**The problem:**
Using the data below, transcribe exactly everything from the line that contains "Large Picnic Blanket" down to the line that contains "Elegante espejo con". Include both of those lines and none of the pictures.

**Information shown:**
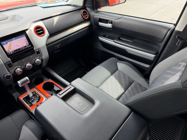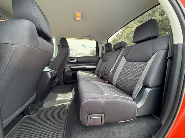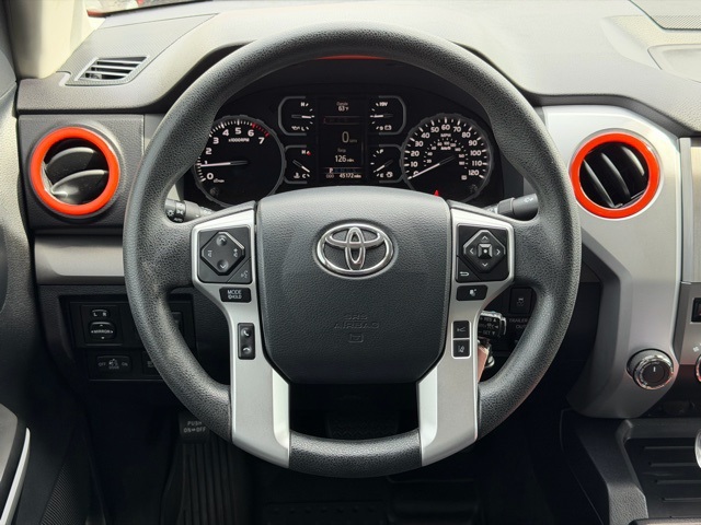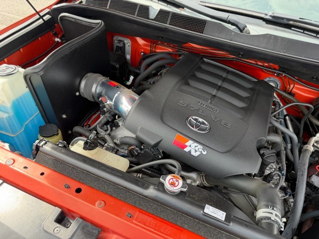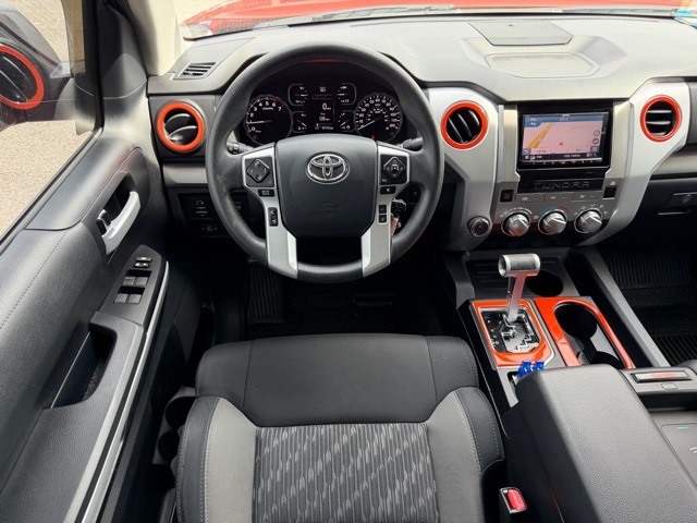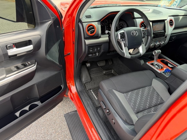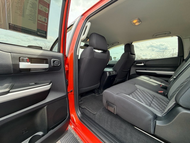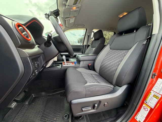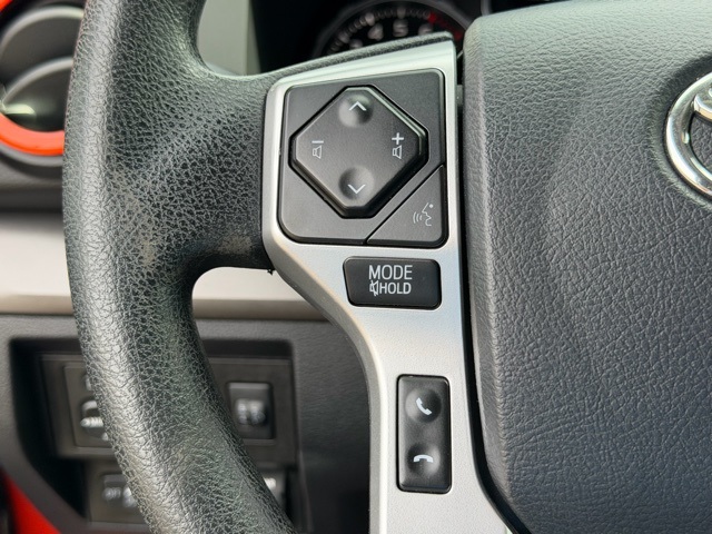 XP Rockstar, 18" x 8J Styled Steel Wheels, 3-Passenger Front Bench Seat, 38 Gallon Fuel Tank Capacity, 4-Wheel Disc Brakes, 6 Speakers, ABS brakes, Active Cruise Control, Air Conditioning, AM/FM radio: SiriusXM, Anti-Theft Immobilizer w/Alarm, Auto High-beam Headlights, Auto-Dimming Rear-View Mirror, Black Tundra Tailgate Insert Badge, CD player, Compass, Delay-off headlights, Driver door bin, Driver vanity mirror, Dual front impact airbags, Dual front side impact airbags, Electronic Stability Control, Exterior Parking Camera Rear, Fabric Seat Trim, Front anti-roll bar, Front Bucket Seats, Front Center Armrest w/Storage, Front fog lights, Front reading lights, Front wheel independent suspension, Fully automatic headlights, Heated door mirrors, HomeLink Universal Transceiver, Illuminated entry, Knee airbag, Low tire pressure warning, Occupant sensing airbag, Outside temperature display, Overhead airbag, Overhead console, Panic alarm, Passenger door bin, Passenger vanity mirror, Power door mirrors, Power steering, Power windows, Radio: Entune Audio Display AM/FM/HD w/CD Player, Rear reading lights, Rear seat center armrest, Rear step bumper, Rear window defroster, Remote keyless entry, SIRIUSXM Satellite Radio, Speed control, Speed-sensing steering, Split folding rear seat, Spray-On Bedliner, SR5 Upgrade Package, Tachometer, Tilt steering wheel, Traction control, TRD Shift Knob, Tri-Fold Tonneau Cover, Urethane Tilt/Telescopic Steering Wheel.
* * *
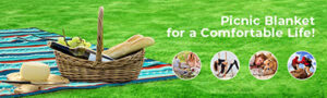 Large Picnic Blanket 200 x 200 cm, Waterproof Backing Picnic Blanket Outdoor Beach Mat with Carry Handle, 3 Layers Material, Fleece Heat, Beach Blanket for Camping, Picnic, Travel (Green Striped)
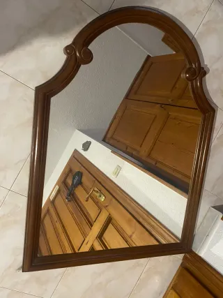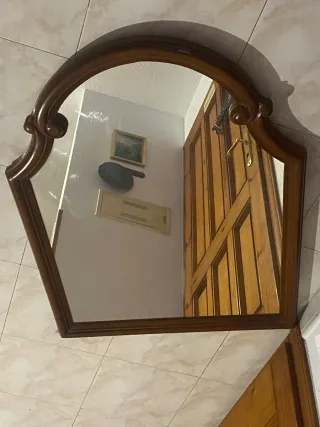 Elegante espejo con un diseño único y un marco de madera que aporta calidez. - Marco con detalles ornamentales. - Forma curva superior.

**Answer space:**
 Large Picnic Blanket 200 x 200 cm, Waterproof Backing Picnic Blanket Outdoor Beach Mat with Carry Handle, 3 Layers Material, Fleece Heat, Beach Blanket for Camping, Picnic, Travel (Green Striped)
 Elegante espejo con un diseño único y un marco de madera que aporta calidez. - Marco con detalles ornamentales. - Forma curva superior.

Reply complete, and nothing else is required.